そこは知る人ぞ知る、隠れ家的なアクセサリーショップだった。
「夕月ちゃん、この中だったらどれがいいかな?」
「えと、僕は蝶のモチーフが可愛いと思います。十瑚ちゃんに良く似合ってて」
「ホント?ありがとう!じゃあ、これにするわ」
本来なら学校が終われば、まっすぐ黄昏館に帰るのだが、たまには息抜きも必要だわ!
と、いう十瑚に付き合う形で夕月、九十九も絶賛寄り道中である。
「夕月、ごめんね。十瑚ちゃんの買い物に付き合わせちゃって」
「いいえ、とんでもないです!僕もアクセサリー見るの好きですから」
「夕月ちゃん優しい、大好きっ!」
「わっ、十瑚ちゃん!?」
ガバッと抱きつかれ、頬を染めつつ慌てる夕月を微笑ましく見ながら、九十九は姉にさり気なく釘を刺す。

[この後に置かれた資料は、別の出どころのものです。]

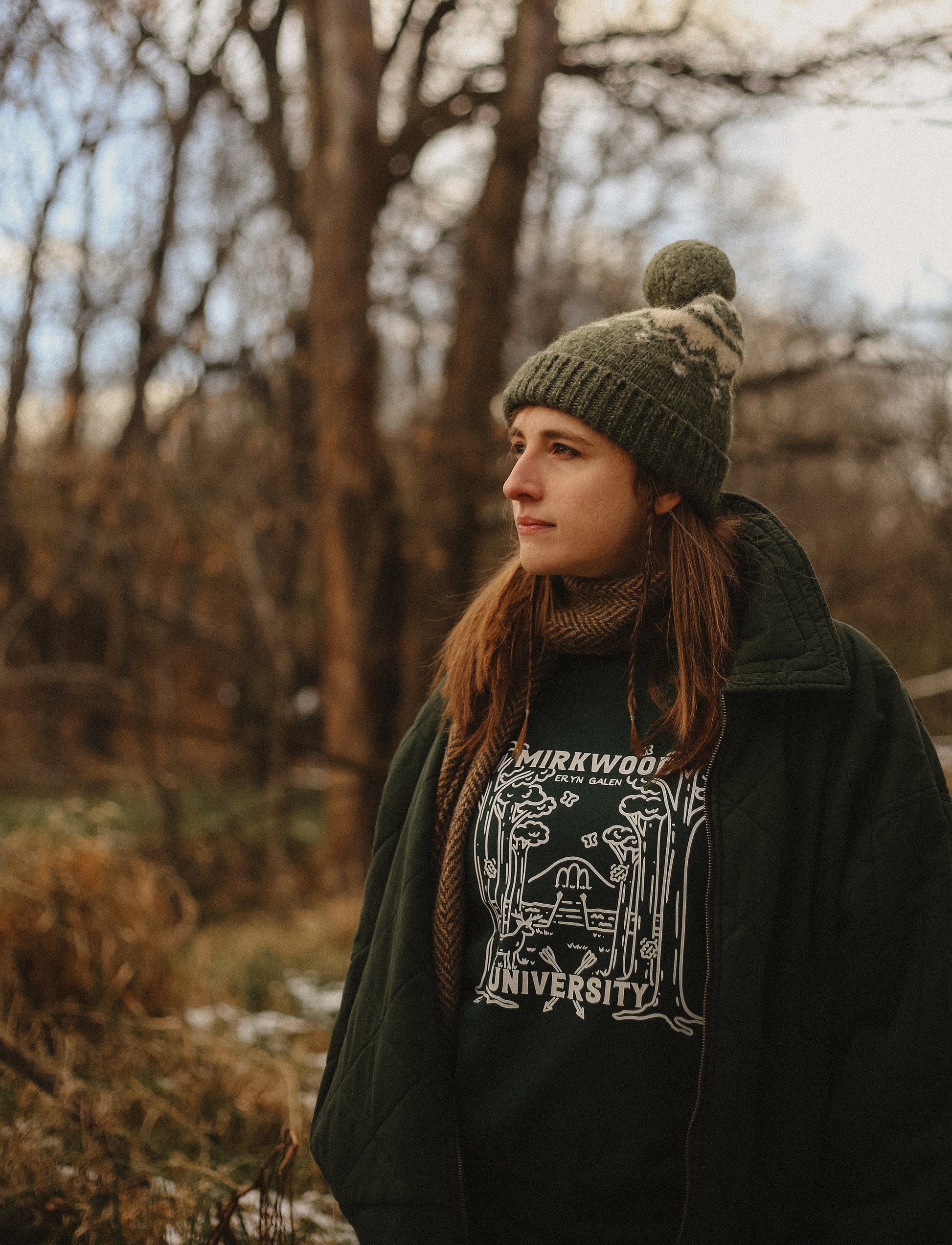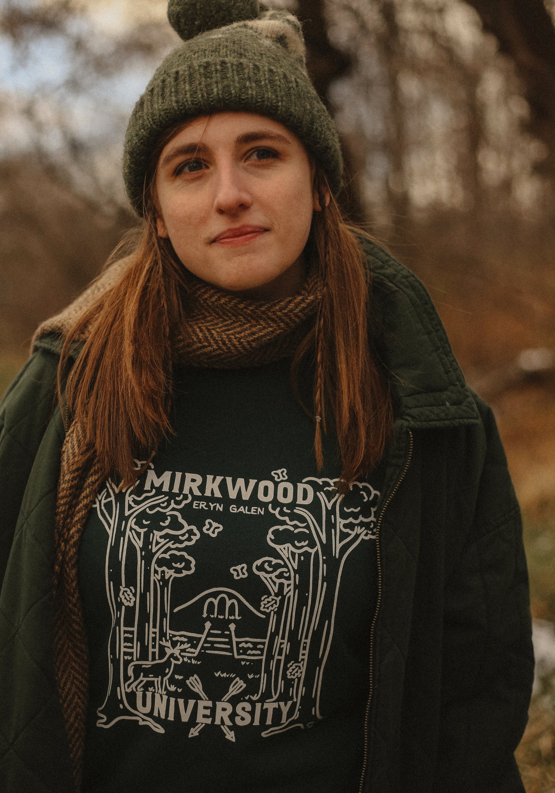 sweatshirt is being modeled by leander green, environmental science major at mirkwood u.

「十瑚ちゃん、あんまり遅くなるとルカに怒られちゃうよ」
「うーん、それもそうね。それじゃあ、これ買ってくるわね」
先程、夕月に選んでもらったブローチを持ってレジへ向かう十瑚を見送った後、夕月は近くの棚に品良く飾られていたアクセサリーパーツを興味深そうに眺めていた。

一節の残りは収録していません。